There are people who do not believe darts and snooker are sports. There are some who believe that chess and bridge are.
My Collins Modern English Dicitionary informs me that 'sport' is "an individual or group activity pursued for exercise or pleasure, often taking a competitive form" but it seems to me that second 'or' is a bit of a cop-out, and surely would just about qualify any 'game' as a sport.
Whichever other dictionary you might consult will almost certainly supply an equally vague definition of the word.

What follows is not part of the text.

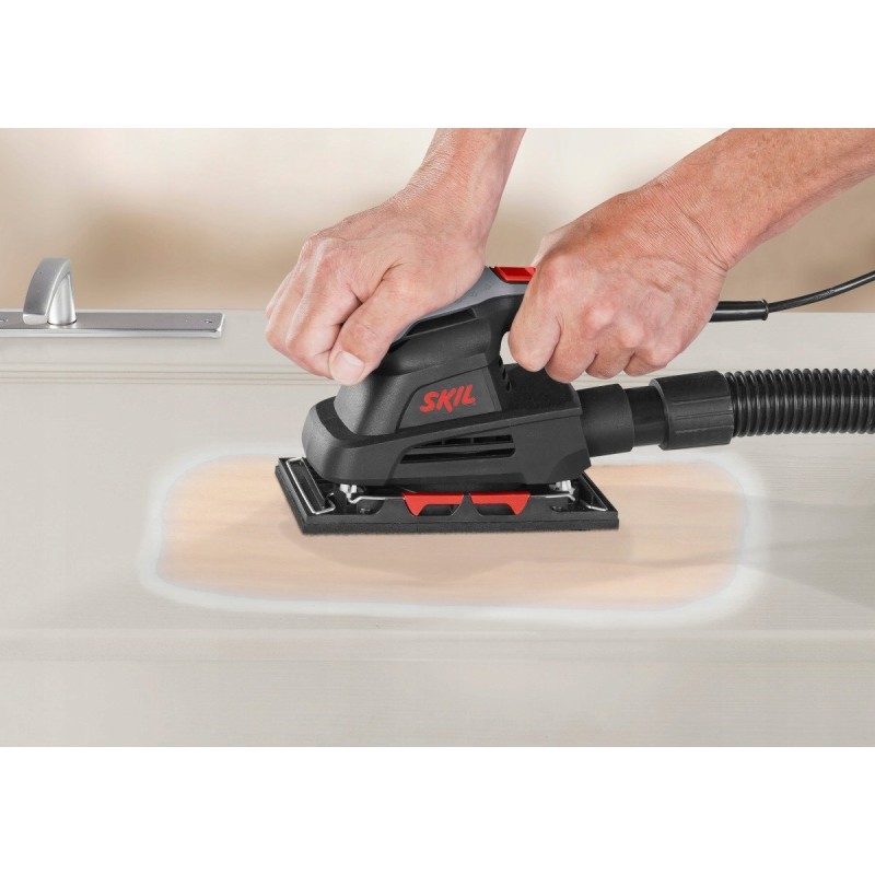 Die neueste Schwingschleifmaschine von SKIL ist mit einem 160-W-Motor ausgestattet. Sie ist langlebig und leistungsstark, dabei aber mobil und leicht.

When I first began working on the introduction of the William Hill Sports Book of the Year almost 30 years ago it didn't take long before my co-founder, John Gaustad, then running the much loved and missed Sports Pages bookshop just off of London's Tottenham Court Road, decided that for the purposes of our new prize, if the judging panel said it was a sport, then sport it would be.
Which was, and still is, fine - but does lead to the occasional clash when one judge believes it is and another believes it isn't!
I am surprised that we have yet to see any books about gaming 'sports' which are now beginning to make an impact, being entered. I suspect it will not be long before that occurs.
The question first raised its head significantly for us when in 1998, Robert Twigger's book, Angry White Pyjamas was our winner. The sub-title of the book, 'An Oxford poet trains with the Tokyo riot police' indicates the unusual nature of the subject matter, and along with the fact that the closest Twigger would ever again come to sport was a book about hunting for a giant snake, shows how difficult a decision it was to decide that it was a worthy winner.
Anyone still disagreeing with that choice should check the book out - it remains a rattling good sporting read.
Once having determined that a book is indeed about sport, I believe that our prize has gradually succeeded in widening the subject options for the author to delve into, and encouraging them to use the sport itself as a jumping off point to address the wider questions posed by and about those disciplines.
Analysis, investigation, confrontation, abuse, social issues, are all amongst the areas confronted by authors writing about sport and they attract readers who would be unlikely to want to read the more traditional rags to riches stories of pampered superstar players with little experience of the real world. Or the sixth insightful autobiography of recently retired sportspeople who haven't even written the books themselves - like the one who I heard interviewed on national radio a few years ago being asked by the presenter: "Tell me about your relationship with your brother?"
"No," came the reply. "That's private, I don't talk about it."
"But it's in the book, in chapter four."
"Really? Oh, I haven't actually read the thing."
Sudden end of interview.
Graham Sharpe is co-founder of the William Hill Sports Book of the Year Award and media relations director at William Hill.